▶ [Work to complete] Make an exact copy of the records below. Include every line.

▶ [Records from a data collection]
Content starts
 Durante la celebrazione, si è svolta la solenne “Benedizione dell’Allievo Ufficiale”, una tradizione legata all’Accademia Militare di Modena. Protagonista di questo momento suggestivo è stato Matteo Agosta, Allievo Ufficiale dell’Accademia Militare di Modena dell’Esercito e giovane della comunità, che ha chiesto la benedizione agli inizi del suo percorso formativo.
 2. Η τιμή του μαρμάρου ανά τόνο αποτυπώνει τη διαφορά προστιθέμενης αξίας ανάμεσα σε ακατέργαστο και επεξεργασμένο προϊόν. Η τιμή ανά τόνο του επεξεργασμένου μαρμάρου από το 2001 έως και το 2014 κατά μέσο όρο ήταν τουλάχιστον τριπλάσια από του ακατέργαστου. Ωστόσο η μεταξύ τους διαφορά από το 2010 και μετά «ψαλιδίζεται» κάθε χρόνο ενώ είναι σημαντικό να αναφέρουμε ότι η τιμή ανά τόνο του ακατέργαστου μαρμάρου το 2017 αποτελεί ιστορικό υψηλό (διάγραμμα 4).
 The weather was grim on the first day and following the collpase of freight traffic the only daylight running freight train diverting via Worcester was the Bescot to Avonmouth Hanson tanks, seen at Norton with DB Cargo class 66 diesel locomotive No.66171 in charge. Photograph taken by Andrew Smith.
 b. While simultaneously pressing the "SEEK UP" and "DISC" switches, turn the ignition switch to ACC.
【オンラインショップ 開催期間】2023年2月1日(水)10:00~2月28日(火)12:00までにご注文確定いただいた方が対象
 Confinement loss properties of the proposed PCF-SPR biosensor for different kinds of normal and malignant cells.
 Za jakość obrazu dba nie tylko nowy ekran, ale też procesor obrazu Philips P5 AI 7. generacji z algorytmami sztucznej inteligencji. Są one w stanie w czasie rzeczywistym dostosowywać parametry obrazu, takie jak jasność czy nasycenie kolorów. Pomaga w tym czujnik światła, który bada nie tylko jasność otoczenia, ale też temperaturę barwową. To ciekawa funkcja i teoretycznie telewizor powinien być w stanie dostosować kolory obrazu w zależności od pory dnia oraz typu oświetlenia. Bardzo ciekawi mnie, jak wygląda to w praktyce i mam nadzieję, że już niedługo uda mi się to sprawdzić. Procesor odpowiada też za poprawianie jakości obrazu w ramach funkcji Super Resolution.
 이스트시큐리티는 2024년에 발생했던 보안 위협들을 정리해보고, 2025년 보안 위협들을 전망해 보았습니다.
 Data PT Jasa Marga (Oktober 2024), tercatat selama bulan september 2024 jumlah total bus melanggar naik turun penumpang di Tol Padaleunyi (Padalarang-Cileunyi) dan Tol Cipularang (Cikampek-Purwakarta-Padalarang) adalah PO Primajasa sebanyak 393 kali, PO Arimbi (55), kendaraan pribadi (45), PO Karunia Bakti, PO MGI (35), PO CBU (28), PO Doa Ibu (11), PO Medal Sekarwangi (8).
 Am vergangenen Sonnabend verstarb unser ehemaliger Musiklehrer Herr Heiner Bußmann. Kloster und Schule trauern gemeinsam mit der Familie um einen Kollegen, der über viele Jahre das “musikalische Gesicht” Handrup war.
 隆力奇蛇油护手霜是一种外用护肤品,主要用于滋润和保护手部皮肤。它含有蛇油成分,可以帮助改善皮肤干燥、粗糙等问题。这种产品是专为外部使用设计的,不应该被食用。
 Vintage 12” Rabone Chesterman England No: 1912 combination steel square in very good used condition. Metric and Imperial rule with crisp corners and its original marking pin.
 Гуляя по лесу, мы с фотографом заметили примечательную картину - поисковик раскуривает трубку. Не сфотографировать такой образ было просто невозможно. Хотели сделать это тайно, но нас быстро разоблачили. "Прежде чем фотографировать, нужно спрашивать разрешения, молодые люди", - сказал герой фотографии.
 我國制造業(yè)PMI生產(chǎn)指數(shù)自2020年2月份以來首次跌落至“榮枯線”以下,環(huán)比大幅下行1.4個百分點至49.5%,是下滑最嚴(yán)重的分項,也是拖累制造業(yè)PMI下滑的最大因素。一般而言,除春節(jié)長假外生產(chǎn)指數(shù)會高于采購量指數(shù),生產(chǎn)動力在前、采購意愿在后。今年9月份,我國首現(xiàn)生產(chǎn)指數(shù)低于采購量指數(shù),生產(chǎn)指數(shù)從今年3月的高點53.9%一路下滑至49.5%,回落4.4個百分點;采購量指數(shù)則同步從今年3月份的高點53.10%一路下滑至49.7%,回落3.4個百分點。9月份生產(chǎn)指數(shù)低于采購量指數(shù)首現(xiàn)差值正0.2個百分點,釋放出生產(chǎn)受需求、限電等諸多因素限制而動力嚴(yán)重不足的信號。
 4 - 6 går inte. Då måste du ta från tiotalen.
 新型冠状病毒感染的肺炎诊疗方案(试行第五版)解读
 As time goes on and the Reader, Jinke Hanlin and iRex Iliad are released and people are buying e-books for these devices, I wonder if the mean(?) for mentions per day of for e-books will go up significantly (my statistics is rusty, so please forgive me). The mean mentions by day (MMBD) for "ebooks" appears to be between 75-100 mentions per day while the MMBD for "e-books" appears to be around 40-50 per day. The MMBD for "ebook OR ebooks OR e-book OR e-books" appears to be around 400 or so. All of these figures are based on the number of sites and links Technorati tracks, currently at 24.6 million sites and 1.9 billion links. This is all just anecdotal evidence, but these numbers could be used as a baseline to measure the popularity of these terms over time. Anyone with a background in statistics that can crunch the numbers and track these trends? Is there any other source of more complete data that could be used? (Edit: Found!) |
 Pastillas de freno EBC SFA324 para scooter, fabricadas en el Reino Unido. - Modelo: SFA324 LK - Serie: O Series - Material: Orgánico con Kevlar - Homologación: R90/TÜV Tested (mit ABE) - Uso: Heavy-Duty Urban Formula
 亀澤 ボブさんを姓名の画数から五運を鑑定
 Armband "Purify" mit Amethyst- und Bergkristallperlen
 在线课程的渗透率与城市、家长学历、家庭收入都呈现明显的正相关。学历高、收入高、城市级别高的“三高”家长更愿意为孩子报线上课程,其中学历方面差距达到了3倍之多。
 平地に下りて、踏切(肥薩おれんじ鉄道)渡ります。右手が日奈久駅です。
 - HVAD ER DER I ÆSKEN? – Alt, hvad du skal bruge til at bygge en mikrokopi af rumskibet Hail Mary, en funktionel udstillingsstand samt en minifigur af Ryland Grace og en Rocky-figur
Content ends
▶ [Exercise solution]
 Durante la celebrazione, si è svolta la solenne “Benedizione dell’Allievo Ufficiale”, una tradizione legata all’Accademia Militare di Modena. Protagonista di questo momento suggestivo è stato Matteo Agosta, Allievo Ufficiale dell’Accademia Militare di Modena dell’Esercito e giovane della comunità, che ha chiesto la benedizione agli inizi del suo percorso formativo.
 2. Η τιμή του μαρμάρου ανά τόνο αποτυπώνει τη διαφορά προστιθέμενης αξίας ανάμεσα σε ακατέργαστο και επεξεργασμένο προϊόν. Η τιμή ανά τόνο του επεξεργασμένου μαρμάρου από το 2001 έως και το 2014 κατά μέσο όρο ήταν τουλάχιστον τριπλάσια από του ακατέργαστου. Ωστόσο η μεταξύ τους διαφορά από το 2010 και μετά «ψαλιδίζεται» κάθε χρόνο ενώ είναι σημαντικό να αναφέρουμε ότι η τιμή ανά τόνο του ακατέργαστου μαρμάρου το 2017 αποτελεί ιστορικό υψηλό (διάγραμμα 4).
 The weather was grim on the first day and following the collpase of freight traffic the only daylight running freight train diverting via Worcester was the Bescot to Avonmouth Hanson tanks, seen at Norton with DB Cargo class 66 diesel locomotive No.66171 in charge. Photograph taken by Andrew Smith.
 b. While simultaneously pressing the "SEEK UP" and "DISC" switches, turn the ignition switch to ACC.
【オンラインショップ 開催期間】2023年2月1日(水)10:00~2月28日(火)12:00までにご注文確定いただいた方が対象
 Confinement loss properties of the proposed PCF-SPR biosensor for different kinds of normal and malignant cells.
 Za jakość obrazu dba nie tylko nowy ekran, ale też procesor obrazu Philips P5 AI 7. generacji z algorytmami sztucznej inteligencji. Są one w stanie w czasie rzeczywistym dostosowywać parametry obrazu, takie jak jasność czy nasycenie kolorów. Pomaga w tym czujnik światła, który bada nie tylko jasność otoczenia, ale też temperaturę barwową. To ciekawa funkcja i teoretycznie telewizor powinien być w stanie dostosować kolory obrazu w zależności od pory dnia oraz typu oświetlenia. Bardzo ciekawi mnie, jak wygląda to w praktyce i mam nadzieję, że już niedługo uda mi się to sprawdzić. Procesor odpowiada też za poprawianie jakości obrazu w ramach funkcji Super Resolution.
 이스트시큐리티는 2024년에 발생했던 보안 위협들을 정리해보고, 2025년 보안 위협들을 전망해 보았습니다.
 Data PT Jasa Marga (Oktober 2024), tercatat selama bulan september 2024 jumlah total bus melanggar naik turun penumpang di Tol Padaleunyi (Padalarang-Cileunyi) dan Tol Cipularang (Cikampek-Purwakarta-Padalarang) adalah PO Primajasa sebanyak 393 kali, PO Arimbi (55), kendaraan pribadi (45), PO Karunia Bakti, PO MGI (35), PO CBU (28), PO Doa Ibu (11), PO Medal Sekarwangi (8).
 Am vergangenen Sonnabend verstarb unser ehemaliger Musiklehrer Herr Heiner Bußmann. Kloster und Schule trauern gemeinsam mit der Familie um einen Kollegen, der über viele Jahre das “musikalische Gesicht” Handrup war.
 隆力奇蛇油护手霜是一种外用护肤品,主要用于滋润和保护手部皮肤。它含有蛇油成分,可以帮助改善皮肤干燥、粗糙等问题。这种产品是专为外部使用设计的,不应该被食用。
 Vintage 12” Rabone Chesterman England No: 1912 combination steel square in very good used condition. Metric and Imperial rule with crisp corners and its original marking pin.
 Гуляя по лесу, мы с фотографом заметили примечательную картину - поисковик раскуривает трубку. Не сфотографировать такой образ было просто невозможно. Хотели сделать это тайно, но нас быстро разоблачили. "Прежде чем фотографировать, нужно спрашивать разрешения, молодые люди", - сказал герой фотографии.
 我國制造業(yè)PMI生產(chǎn)指數(shù)自2020年2月份以來首次跌落至“榮枯線”以下,環(huán)比大幅下行1.4個百分點至49.5%,是下滑最嚴(yán)重的分項,也是拖累制造業(yè)PMI下滑的最大因素。一般而言,除春節(jié)長假外生產(chǎn)指數(shù)會高于采購量指數(shù),生產(chǎn)動力在前、采購意愿在后。今年9月份,我國首現(xiàn)生產(chǎn)指數(shù)低于采購量指數(shù),生產(chǎn)指數(shù)從今年3月的高點53.9%一路下滑至49.5%,回落4.4個百分點;采購量指數(shù)則同步從今年3月份的高點53.10%一路下滑至49.7%,回落3.4個百分點。9月份生產(chǎn)指數(shù)低于采購量指數(shù)首現(xiàn)差值正0.2個百分點,釋放出生產(chǎn)受需求、限電等諸多因素限制而動力嚴(yán)重不足的信號。
 4 - 6 går inte. Då måste du ta från tiotalen.
 新型冠状病毒感染的肺炎诊疗方案(试行第五版)解读
 As time goes on and the Reader, Jinke Hanlin and iRex Iliad are released and people are buying e-books for these devices, I wonder if the mean(?) for mentions per day of for e-books will go up significantly (my statistics is rusty, so please forgive me). The mean mentions by day (MMBD) for "ebooks" appears to be between 75-100 mentions per day while the MMBD for "e-books" appears to be around 40-50 per day. The MMBD for "ebook OR ebooks OR e-book OR e-books" appears to be around 400 or so. All of these figures are based on the number of sites and links Technorati tracks, currently at 24.6 million sites and 1.9 billion links. This is all just anecdotal evidence, but these numbers could be used as a baseline to measure the popularity of these terms over time. Anyone with a background in statistics that can crunch the numbers and track these trends? Is there any other source of more complete data that could be used? (Edit: Found!) |
 Pastillas de freno EBC SFA324 para scooter, fabricadas en el Reino Unido. - Modelo: SFA324 LK - Serie: O Series - Material: Orgánico con Kevlar - Homologación: R90/TÜV Tested (mit ABE) - Uso: Heavy-Duty Urban Formula
 亀澤 ボブさんを姓名の画数から五運を鑑定
 Armband "Purify" mit Amethyst- und Bergkristallperlen
 在线课程的渗透率与城市、家长学历、家庭收入都呈现明显的正相关。学历高、收入高、城市级别高的“三高”家长更愿意为孩子报线上课程,其中学历方面差距达到了3倍之多。
 平地に下りて、踏切(肥薩おれんじ鉄道)渡ります。右手が日奈久駅です。
 - HVAD ER DER I ÆSKEN? – Alt, hvad du skal bruge til at bygge en mikrokopi af rumskibet Hail Mary, en funktionel udstillingsstand samt en minifigur af Ryland Grace og en Rocky-figur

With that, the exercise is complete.